Isn’t it true that suffering reveals us? While prosperity allows us to hide, hardships peel off masks we didn’t even know we were wearing. During the better times, we can be happy, unafraid, confident, and optimistic, but the lean years reveal the best and the worst in us. Put a dozen relatively like-minded people into the same crisis and you will see a dozen different responses. Some are heroes; others are cowards. Some are leaders; others are followers. Some are optimistic; others despair. Some shake their fist at God; others quietly submit. You don’t really know who you are until you have gone through suffering. We can measure our spiritual growth by the way we behave under pressure.
Throughout history, God has used hardships to reveal people’s hearts, and this unveiling has had a purpose. It is an essential part of the process of change. You have to see what is in your heart before you can set out to change it.
Notice how those who have medicated away their hardships with illegal drugs, alcohol, or sex can seem immature. They may look forty-five, but they have the character of an adolescent. Find a person who has weathered storms rather than avoided them and you will find someone who is wise.
Personal growth and change are not always easy, but they are essential to true humanness. It is simply how we were built. They are the Creator’s intent. You can see it taking place in animals, plants, and people. Everything alive grows. The difference with human beings is that we grow physically
and
spiritually.
When we grow in the right direction, it is right and good. The Hebrew word
shalom
captures it: peace, wholeness, realignment rather than dislocation. Spiritual growth just feels right. In fact, it is a blessing that can make depression feel less oppressive. Depression can feel like the severe pain of someone dying of cancer, but it can also be like the pain of surgery, which indicates that we are getting better. If both pains could be physically measured, they might be identical in their intensity, at least to a researcher. But the pain from surgery will seem less severe to the sufferer than the pain of cancer. The pain from surgery is making you better; the other is a sign that you are worse.
When we see something of our own hearts, we are in a position to grow and change. However hard it is to have our innermost being exposed, it is a necessary part of the path of blessing.

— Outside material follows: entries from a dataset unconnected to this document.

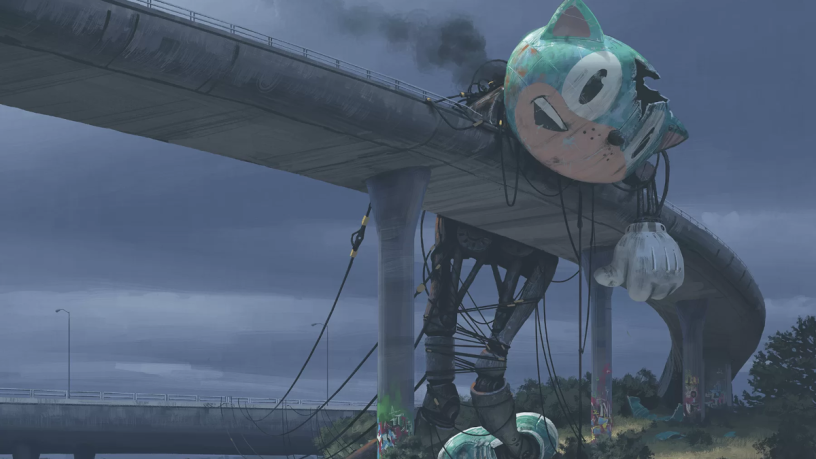 Em meio a essa distopia, os drones e robôs avançados, agora inutilizados ou em abandono, tornam-se apenas vestígios do passado. As cidades, apesar de sua infraestrutura tecnológica, estão desprovidas de vida. A relação entre os seres humanos e a tecnologia é questionada de forma intensa, enquanto a solidão resultante do colapso é uma realidade constante. Esse cenário poderia ser considerado um tipo de sci-fi retro cyberpunk pós-apocalíptico, situado nos anos 90, onde as consequências do excesso de tecnologia são devastadoras.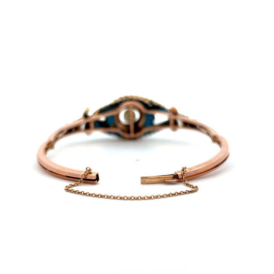 1.25 Victorian Diamond, Tuquoise & Pearl Bracelet in 18k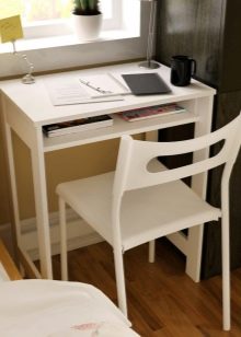 لقد أثبت الخبراء أن ظلال الضوء لها تأثير إيجابي على العمليات العقلية المختلفة. إنها تسمح لك بحفظ كميات كبيرة من المعلومات بشكل أفضل. تعتبر الطاولة البيضاء مثالية للتلاميذ والطلاب. أيضًا ، لا تنس أن الأبيض هو خلفية ممتازة لتجسيد حلول الألوان المختلفة. يبدو الأثاث الأبيض جميلًا في مجموعة مع ورق حائط أو ستائر رائعة مزينة بطبعات ملونة.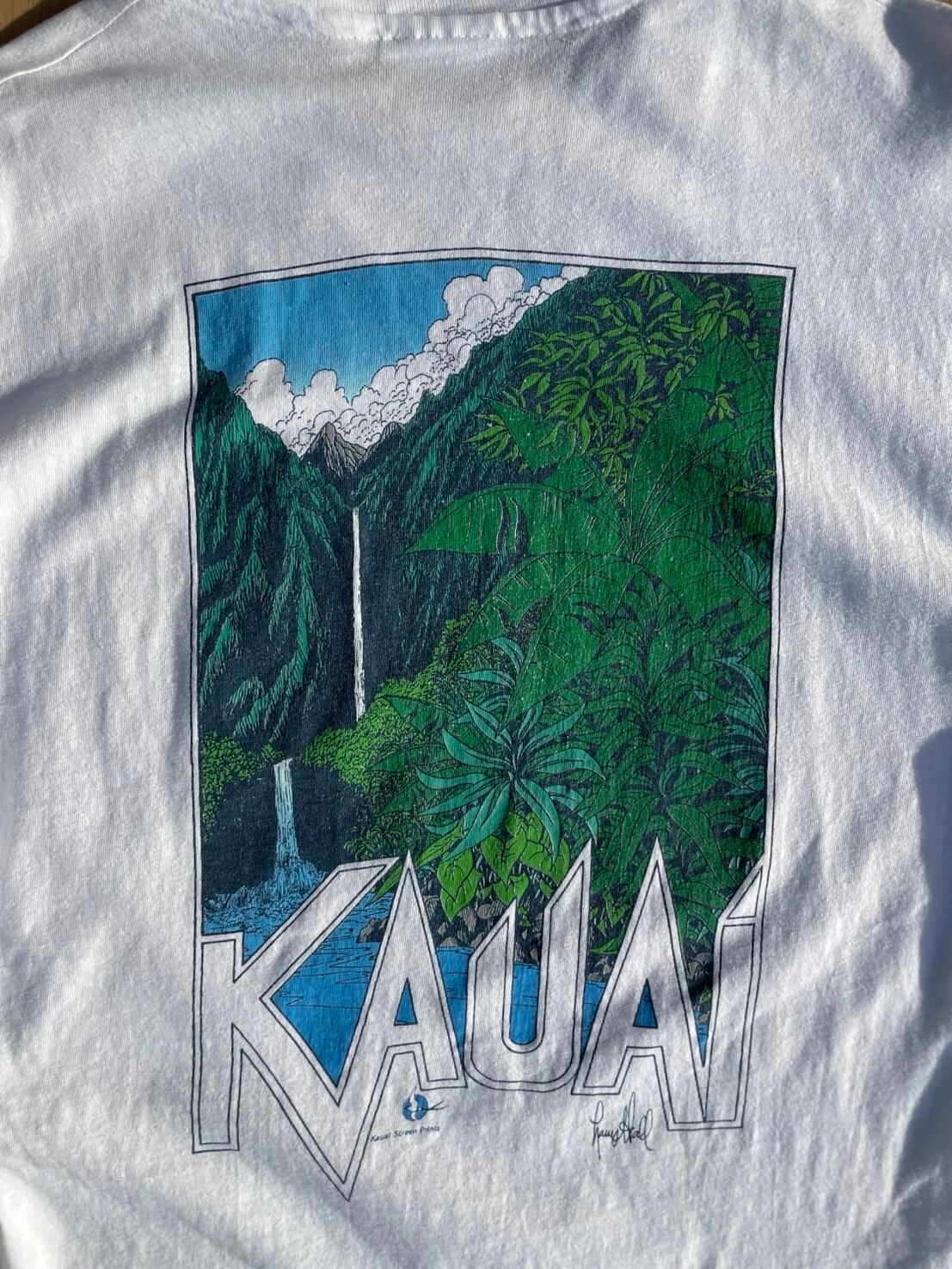 爽やかなバックプリントが映える90年代頃のTシャツです。ハワイ諸島のカウアイ島のロゴや自然のイラストがかっこいいですね。正面にポケットが付いているのもポイントになります!ショーツと合わせたり、アウドドアファッションなスタイルに取り入れたくなる一枚です。

This unveiling might yield other benefits as well. It might reveal things in our hearts that have contributed to the depression itself. There is no way to be certain that our hearts are the primary cause of our depression, but when we work on the issues that depression reveals, the pain can sometimes lift because we have found one of its causes. In other words, the problem behind depression is not always physical. Many depression experts have come to a similar conclusion.
For example, one popular approach to depression is called cognitive therapy. It focuses on the way people think. Is everything white or black, all or nothing, an opportunity or an obstacle? These ways of thinking lie relatively dormant during calmer times, but they are unmistakably active during depression. The goal of cognitive therapy is to identify these “thinking errors,” change them, and, in so doing, hopefully alleviate the depression. This school of thought suggests that these thinking errors are not just
revealed
by depression; they actually
cause
it. Therefore, when you change your thinking, you change your depression. Brain scans even show that we can bring about significant physical changes in our brains simply by thinking differently.
My point is that we are taking a path that is not far-fetched or implausible. It bears similarities to the better known theories about depression. It is not unusual to think that depression can reveal us and that we bring something to depression. What is unique about what we are saying is that we are going even deeper: we are going beyond thinking errors to consider errors in the way we know God.
The principle that suffering tests us and reveals our hearts is one that appears throughout Scripture. You first see it when the Israelites leave Egypt, a key episode in biblical history. Here God demonstrated that he was not simply a local tribal god. He was the Creator God who rules over all things, including Egypt and its Pharaoh. To emphasize this point, God used Moses, an unqualified orator, as his representative, and delivered Israel from Egyptian bondage without a warrior unsheathing a sword.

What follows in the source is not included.